I have been missing from my blog for some time. Life has certainly been happening and I have been presented with lots of twists and turns along the way. A blog post possibly won’t justify where and how I’ve journeyed the last year, so for now my intention is to simply be present with what is. It sounds great in theory and truly an art to manifest. If anything the last two years have taught us that being present is all we really have. The world as we knew it is no longer and in some ways that is worth celebrating.
What I can say is the last couple of years for me have been an absolute shit show. The lessons profound, quick and at times feel like you have fallen flat on your face with little room to breathe. I am not going to sugar coat or promote that everything happens for a reason or that the mess has become the message. To be perfectly honest everything I have once known doesn’t seem to matter anymore and all I know for certain is what is present in the here and now. What is real and what is not for each and every one of us.
What I am learning again is to trust. Disconnection to self and living in our current climate has been fkn hard (well for me it has been). I have struggled for the last 18 months or so big time and I have questioned time and time again what it is all truly about.
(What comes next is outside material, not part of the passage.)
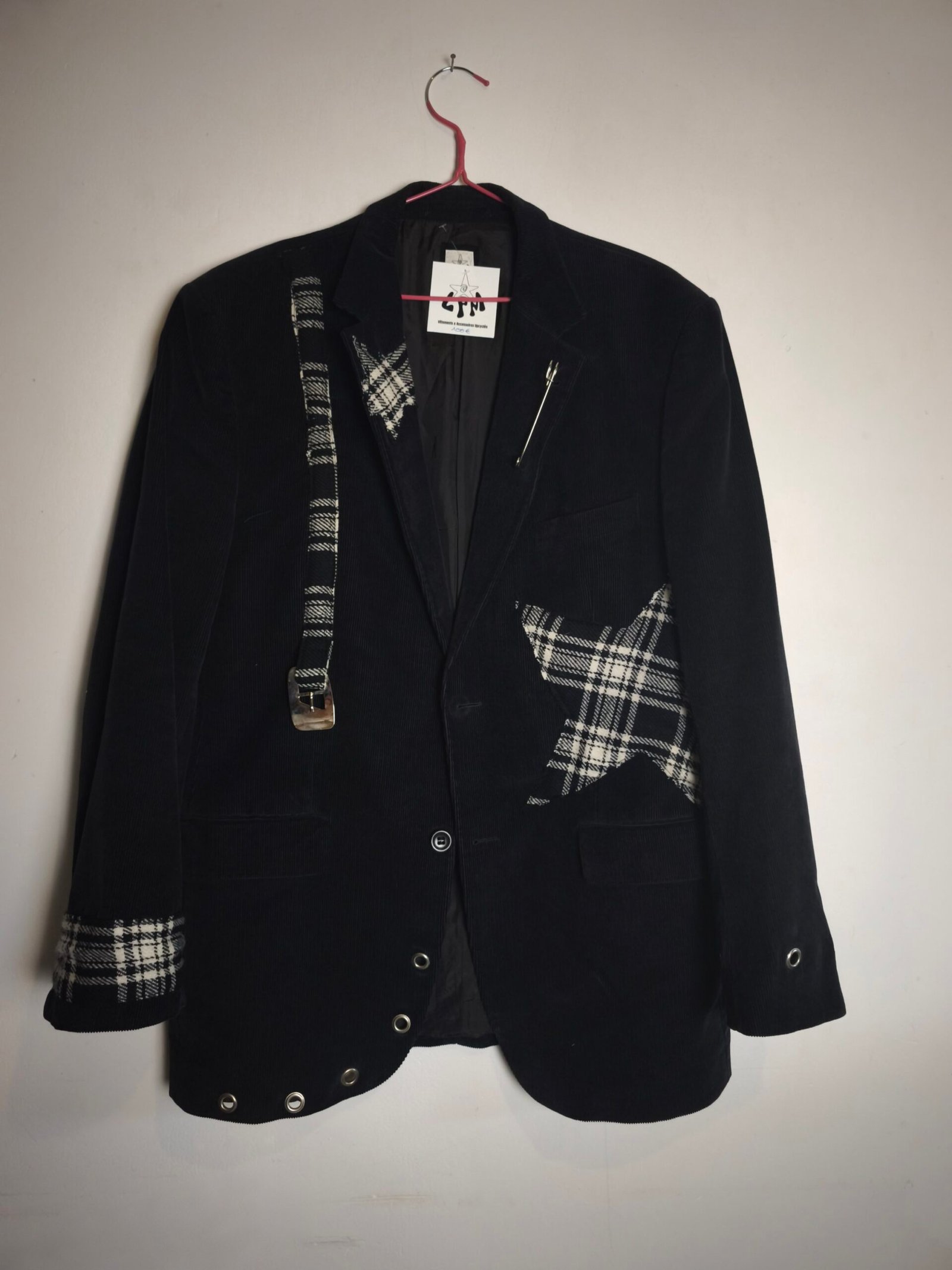 Blazer noir en velours côtelé. empiècement tartan noir et blanc, Oeillets.

Big questions I know and not ones that I have solid answers for. What was is no longer and what I have believed to be true and real is in fact, merely a distraction.
So for now what I feel to be real and true is to be simply in my light and darkness. I have sat in the murkiness and glory of my darkness for a while now. I didn’t rush the process, I didn’t force myself to feel better and I certainly didn’t practice positivity. In fact I did the opposite and accepted myself for where I was in those moments. The grace of time is allowing me to uncover the gifts that I am surely and slowly unwrapping, but this time I am in no hurry.
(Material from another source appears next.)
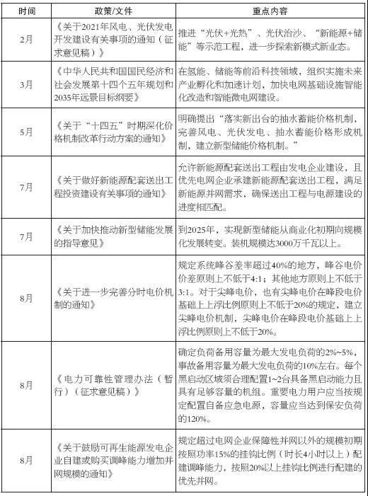 表1 2021年儲能政策匯總
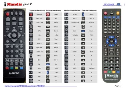 Ein Dokument ist enthalten, um die Verwendung der neuen Fernbedienung zu erleichtern, indem es die Tastenbelegung zeigt.

To truly surrender to what is, to remember who I am and why I am here. I am not going to profess that by any means of the imagination that I have it all worked out. Trust me I don’t, however what I do know is what exists is no longer working. I am tired of the old paradigm that we have lived in for so long and perhaps it is simply time to create a new one. A world where we tap into the ancient wisdom and inner knowing, remembering who we truly are.
With a splash of mermaid magic and let unicorns lead your way.